I ducked to miss it. When I righted myself, I was forced to squint against a sudden light. A streetlight. Quickly, my eyes searched my surroundings as my veins flooded with adrenaline. There were buildings, roads, streetlights and the occasional vehicle passing by.

It was clear I was back in Detroit. But my chest still heaved from the rush of yet another nightmare. This time, I wasn't even asleep. I was wide awake, and that's what terrified me. It brought bumps to my clothed skin and an anxiety to my body.

Both of them felt so real. Both of them contained a black bird. What that meant for me, I did not know. I contemplated it on my trek back to Dick's apartment, but nothing came of it. I was only more confused than before.

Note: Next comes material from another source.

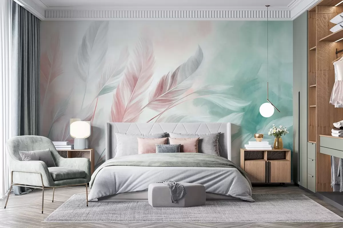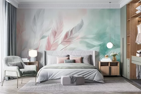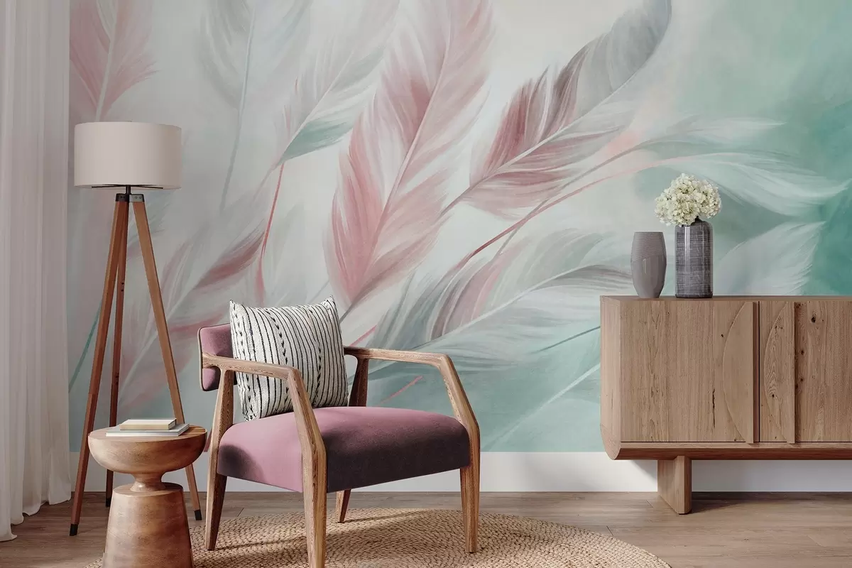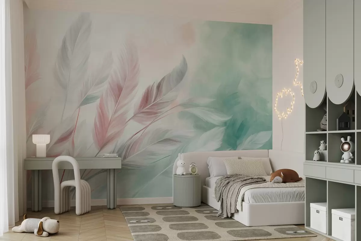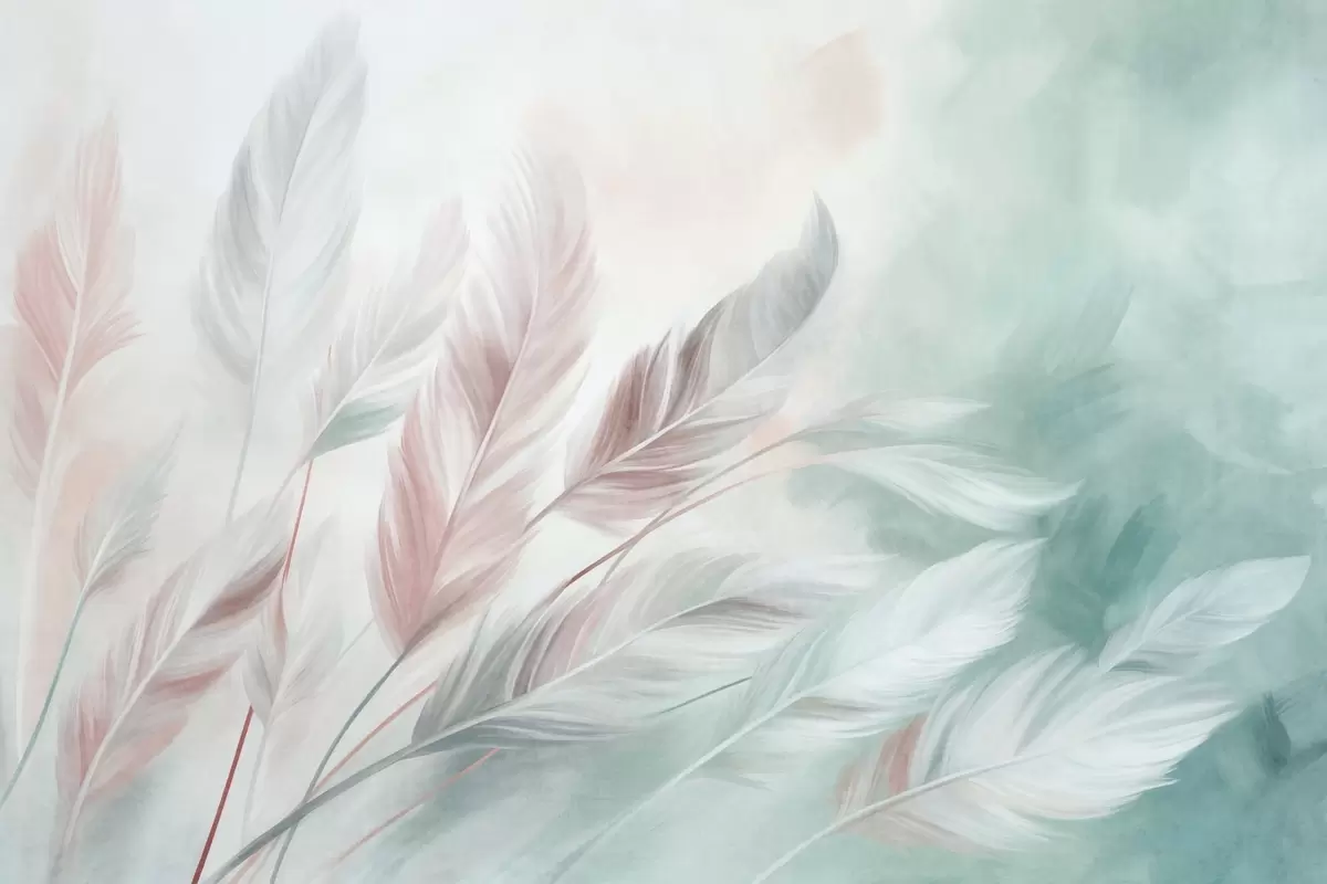 Fototapetai Tekstūruotos pastelinės plunksnos su švelniais, plonais kraštais, akvarelės stiliaus fone Nr. w09833v1

None of it made sense due the randomness alone. What I'd seen tonight had nothing to do with people living, or people recently dead—it was all about people who had died many years ago.

I climbed the stairs of the building and let myself back into the apartment. Dick was asleep on the couch, slumped against the armrest like he'd fallen asleep waiting up for me. It wouldn't surprise me if he had. He'd done it before.

But that didn't stop me from feeling bad about it. Unlike me, Dick needed his sleep. Whenever he let me into his apartment, he didn't get any. The thought crossed my mind that maybe he should stop letting me in. That would certainly solve the problem.

That was unlikely to happen, though, so I ignored the thought as I crossed the threshold. I unbuttoned my jacket and draped it over the back of the couch. Carefully as not to wake him, I lowered myself onto the couch cushion, folding my left leg beneath me.

The youthfulness of his face made him look so peaceful when he slept. I exhaled deeply, trying to calm myself as I propped my elbow against the back of the couch, leaning my left temple against my knuckles. It'd been a long night. A night that was almost over.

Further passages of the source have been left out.